И всю дорогу Коулмен вспоминал момент, когда он едва не признался Айрис. Это было после рождения близнецов. Семья составилась полностью. Все в порядке — близнецы не подкачали. Ни следа его тайны ни на одном из детей, и ему казалось, что теперь он словно бы избавлен от тайны. На радостях от успеха ему захотелось во всем открыться. Да, он преподнесет жене самый большой подарок, какой только может преподнести: расскажет матери своих четверых детей, кто в действительности их отец. Он скажет Айрис правду. Вот как взволнован он был, вот какое испытал облегчение, вот как тверда была земля у него под ногами после рождения замечательных близнецов. Он взял Джеффа и Майка с собой в больницу посмотреть на братика и сестричку, и самое большое из опасений исчезло из его жизни.

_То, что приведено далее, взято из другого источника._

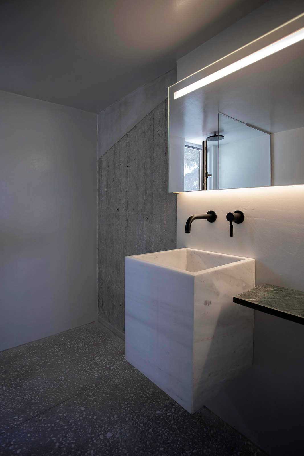 The material vocabulary is grounded in the sensory quality of textures, alternating between roughness and lyrical tactility. Cement mortar, exposed concrete structure, and a pebble-textured floor compose an experience designed for barefoot pleasure.
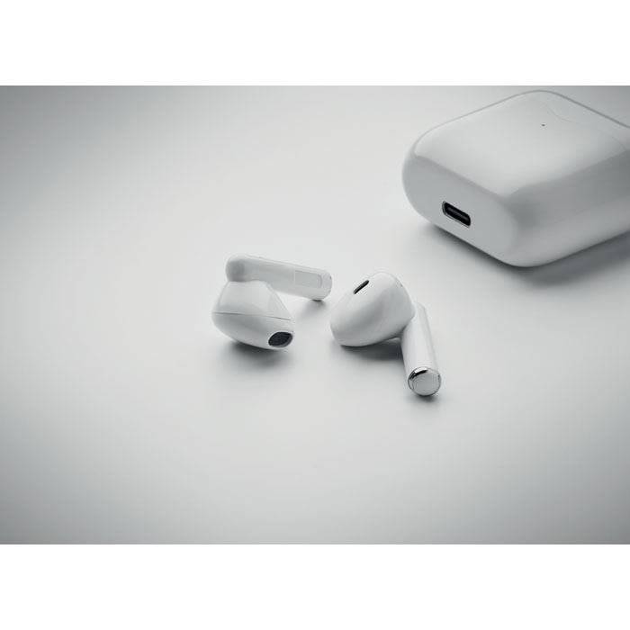 Bezprzewodowe słuchawki stereo ABS (TWS) 5.3 z mikrofonem, wbudowanym akumulatorem 30 mAh i ładowarką 200 mAh. Czas odtwarzania ok. 4 godzin. Automatyczne parowanie.
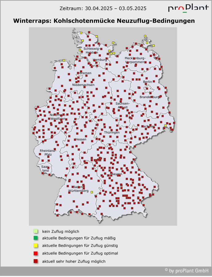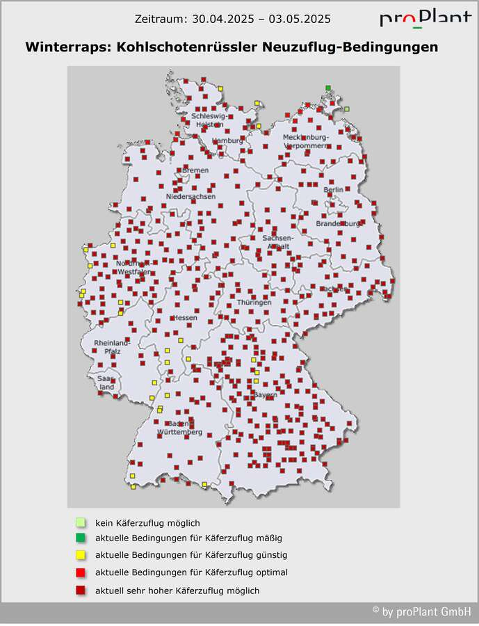Selbst bei starkem Befall mit dem Kohlschotenrüssler will ein Insektizideinsatz gegen Kohlschotenrüssler und Kohlschotenmücke gut überlegt sein: Die Situation für die Praxis ist prekär. Die einzig zugelassenen Pyrethroide wirken schlecht: Der Kohlschotenrüssler ist durch langjährigen Pyrethroid-Einsatz resistent geworden. Die Kontaktwirkung gegen die Kohlschotenmücke ist begrenzt. Die filigrane Mücke ist nur in windstillen, sonnigen Stunden unterwegs; bestenfalls trifft man nur eine von mehreren Zuflugwellen. In dieser Woche – bis Freitag – sind die Zuflugbedingungen fast deutschlandweit optimal. Gegen die Mückenlarven, die im Inneren der Schoten an den Wänden saugen, wirken die Mittel nicht. Und: Pyrethroide schaden den Nützlingen. Wenn, dann bei erhöhtem Befallsrisiko für die Kohlschotenmücke möglichst das Produkt Mavrik Vita/Evure einsetzen (max. 1x im Frühjahr). Der Wirkstoff gilt als etwas weniger schädlich für einige Schlupfwespenarten. Anwendung am Rand und abends/nachts mit Bienenschutzauflage „B4“ (auch bei Tankmischungen mit Fungiziden). Oder: Nichts machen und die Nützlinge für sich arbeiten lassen…
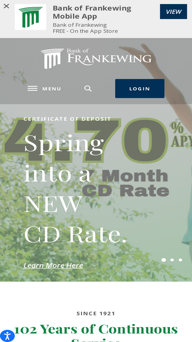 74%your friend in banking. bank of frankewing serving southern, middle tennessee, and northern alabama for the last 100 years. learn more about us.
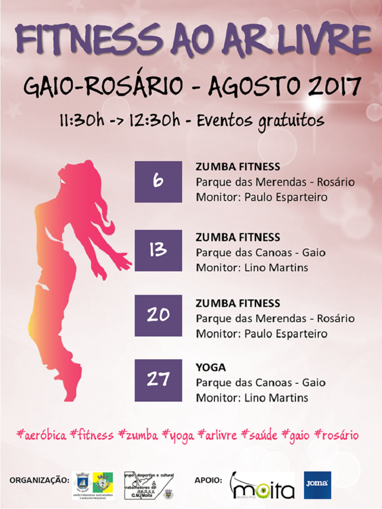 O Grupo Desportivo e Cultural dos Trabalhadores da Câmara Municipal da Moita vai continuar a realizar em Agosto, as aulas, nos dias 6, 13, 20 e 27, às 11h30, no Parque das Canoas e Parque das Merendas, no Gaio-Rosário.

Но Айрис так и не получила этого подарка. Спасительной — или губительной — стала для Коулмена беда, постигшая ее близкую подругу и коллегу по совету художественной ассоциации, миловидную и рафинированную акварелистку-любительницу по имени Клодия Макчесни. У ее мужа, владельца самой крупной строительной фирмы здешних мест, был, как выяснилось, свой ошеломляющий секрет — вторая семья. Около восьми лет Харви Макчесни состоял в связи с женщиной гораздо моложе Клодии, бухгалтером мебельной фабрики близ гор Таконик, родившей от него двоих детей, которым уже исполнилось шесть и четыре. Они жили в маленьком городке в штате Нью-Йорк у самой массачусетской границы, и он приезжал к ним каждую неделю, поддерживал их материально и, похоже, любил, причем никто в первой семье Макчесни ничего не знал, пока анонимный телефонный звонок, исходивший, вероятно, от какого-то конкурента Харви, не открыл Клодии и трем их детям-подросткам глаза на то, чем Макчесни занимается в свободное от работы время. Клодия в тот вечер пришла в полное отчаяние и попыталась вскрыть себе вены, и не кто иной, как Айрис, в три часа ночи с помощью знакомого психиатра начала спасательную операцию, в результате которой Клодия еще до рассвета оказалась в Стокбриджской психиатрической больнице в Остин-Риггс. Не кто иной, как Айрис, нянчившая в то время новорожденных близнецов и пестовавшая двоих старших дошкольников, каждый божий день навещала Клодию в больнице, утешала, подбадривала, привозила цветы в горшках и книги по искусству, чтобы Клодии было чем заняться, даже расчесывала и заплетала ей волосы, пока пять недель спустя, в равной мере благодаря психиатрической помощи и самоотверженности Айрис, она не смогла вернуться домой и начать необходимые процедуры для того, чтобы избавиться от человека, причинившего ей все это зло.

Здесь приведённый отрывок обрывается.